Eden returned for ‘The Vanishing Ray’ (#44-51) as the stately spy was mysteriously sent a torch that turned objects transparent, unaware that the wicked Hood was hot on its trail.

The deadly games end with ‘The Enemy Spy’, illustrated by the legendary Frank Hampson from the July 1965 Lady Penelope Summer Extra, wherein an idle glance at the TV news sets Her Ladyship on the trail of Bereznik’s top assassin…

But of course the real treasure is the phenomenal and unparalleled work of Frank Bellamy, whose fantastic design, drawing and painted colour (which holds up rather well here, despite the limitations of modern print technology to accommodate the subtleties of the photogravure process) steals the show – and usually one’s breath away!

The work of Bellamy and his successors are a cherished highpoint of British comic-making. Crisp, imaginative writing, great characters and some of the very best science-fiction art of all time make this a must-have book for just about anybody with a sense of adventure and love of comics. It doesn’t get better than this.
Thunderbirds ™ and © ITC Entertainment Group Limited 1964, 1999, 2013. Licensed by ITV Ventures Limited. All rights reserved.

The High Fidelity Art of Jim Flora – Album Covers and Music Illustrations


By Irwin Chusid & Barbara Economon (Fantagraphics Books)
ISBN: 978-1-60699-655-3

Some artists can be said to epitomise an era, their works forever evoking the time and style and flavour of a discreet age. Usually it’s all those inspired invisible creatives toiling at the coalface of imagination: advertising and package designers, film poster artists, fashion designers and yes, comic and strip illustrators, whose individual yet socially synergistic efforts pool and leak into a generation’s psyche.

A very select few artists can be also be charged with actually creating the definition of an epoch: Jim Flora was one of those…

Born in Ohio in 1914, he studied at the Art Academy of Cincinnati from 1935-1939. A year before he graduated Flora met brilliant but troubled author and artist Robert Lowry and together they founded the influential Little Man Press, publishing a stellar line of impressive literary titles with eye-catching art and design.

In 1942 they parted and Flora, newly married, briefly became a freelance artist before taking a job with Columbia Records.
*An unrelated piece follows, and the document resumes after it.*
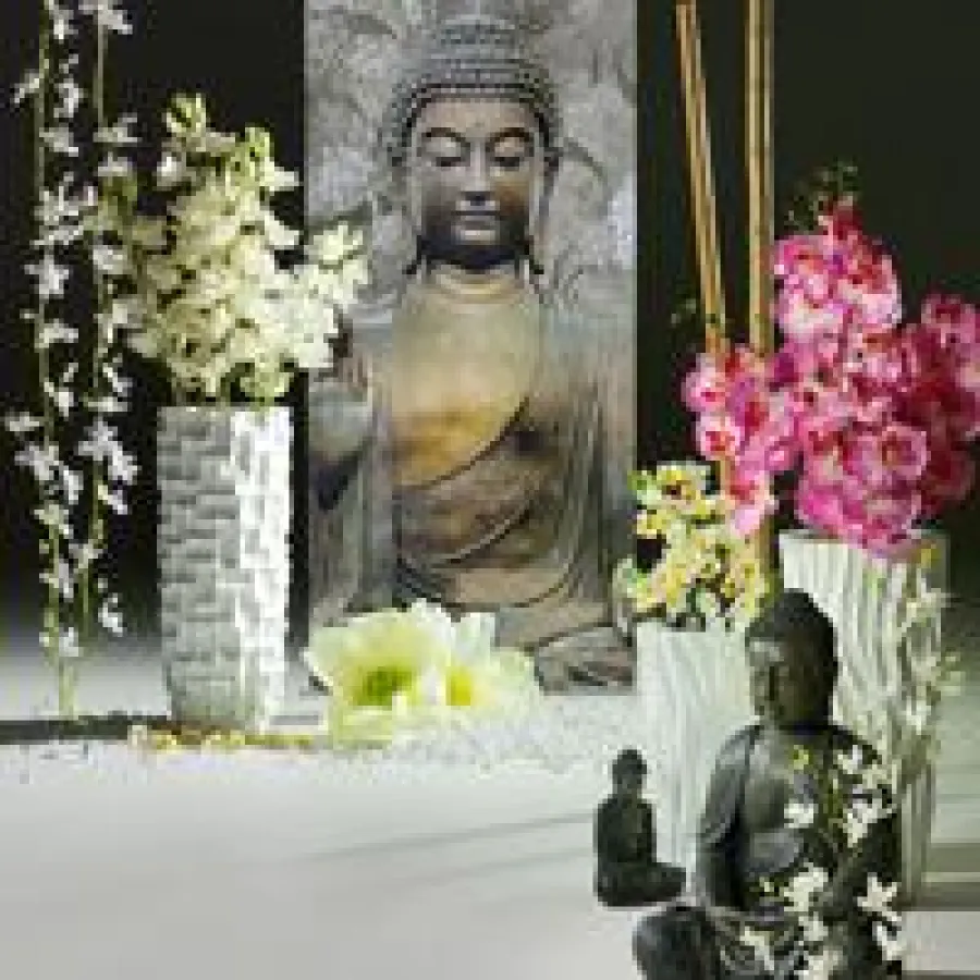 Der Buddha wird im Verständnis der westlichen Welt mit einem Wesen gleichgesetzt, dass vollkommene innere Ruhe und Ausgeglichenheit erreicht hat. Als Dekorationselement gehört er im Wellness-Bereich unbedingt dazu, sei es als Banner im Hintergrund oder als sitzende Figur in naturgetreuer Stein-Optik. In Kombination mit Bambusstangen, wunderschönen Orchideenzweigen und –blüten, arrangiert in mediterranen Vasen sowie Frangipaniblüten entsteht ein Sinnbild für absolute Entspannung und Ausgeglichenheit.

He upped sticks for Westport Connecticut, initially working for the in-house art department under Alex Steinweiss (inventor of the illustrated album cover).

The newcomer designed ads, crafted and illustrated new-release pamphlets and assorted retail trade literature, but when his boss enlisted in the Navy, the 4-F Flora was promoted to Art Director.

Always drawing and designing, he continued until 1945, creating the groundbreaking advance-trade periodical Coda, and was promoted to Advertising Manager. However, afflicted with an insatiable hunger to create, Flora chafed in such a time-consuming, bureaucratic position, even as his first landmark LP designs began to appear throughout 1947.

Despite having a wife and five kids to support, in 1950 he resigned and relocated with the brood to Mexico for 15 months. Despite revelling in artistic freedom and absorbing the colourful kinetic art of the region, the Floras returned to Connecticut in 1951, and Jim began a hugely successful career as a freelance illustrator. Thereafter he lent his uniquely enchanting style to record covers for Columbia, RCA Victor, Camden and others whilst generating mountains of illustrations for books, newspapers and magazines.

Life, Look, Newsweek, The New York Times Magazine, Fortune, Holiday, Mademoiselle, Research and Engineering, Computer Design Magazine, Sports Illustrated, Collier’s and many others numbered him amongst their regular contributors, and for most of 1952 he also operated as Art Director for Park East, where he published the earliest commercial art of R.O. Blechman and Andy Warhol.

His tireless creativity and graphic invention always forcing him into new challenges, Flora also created storyboards for animator Gene Deitch at cartoon factory United Productions of America (UPA).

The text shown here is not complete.